MF follows this myth quite closely, and since it is set in the real world makes for a somewhat unlikely plot, to say the least. The unreal nature of the story is heightened by it being a 1st person narrative told by perhaps Mr Burgess's most sesquipedalian (and that's saying something) character. With the dense and allusive writing and the Caribbean, in which the book is set, being an unrecognisable construction of the writer's imagination, we are reminded of a later Nabokov novel, such as "Ada". Though it is, however, a most Burgessian novel in its earthiness and its feel of an over-spiced meal of pickles and strong meats; a banquet comprising of nothing but delicacies and missing the usual bland fare of English home-cooking. For this reason the novel is best consumed in small doses - this is one of those books that, while being a great read, is very easy to put down, as you feel a need for a breath of fresh air between chapters.
Also present is Mr Burgess's conflicting attitudes to life.
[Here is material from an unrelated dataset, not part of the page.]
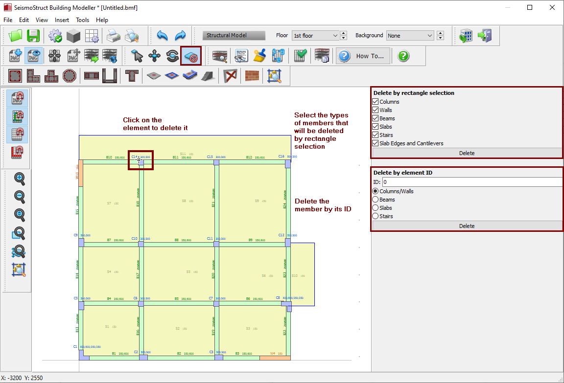 It is noted that there is a number of ways to delete elements: (i) by clicking on the element (ii) by its name (select the member's type, assign its number ID and click the Delete button) or (iii) by selecting a rectangular area on the Main Window (select the member types that will be deleted, select an area of the model on the Main Window and click the Delete button).

On the one hand there is a great guzzling gobbling-up of life and history and all of mankind's achievements in literature, philosophy, art and languages, and on the other hand there is his curmudgeonly bile-regurgitating of his petty hatred of the quotidian disappointments and down-to-earth-with-a-bump frustrations. (This negativity of his used to mar his work for me when I first started reading him as an open-eyed late teenager; now I'm a disillusioned 30-something I find it not wholly unwelcome.)

On the whole, then, MF is an imaginative, picaresque, Joycean word-fest of a novel, and if you like that sort of thing, is as good as anti-real literature gets.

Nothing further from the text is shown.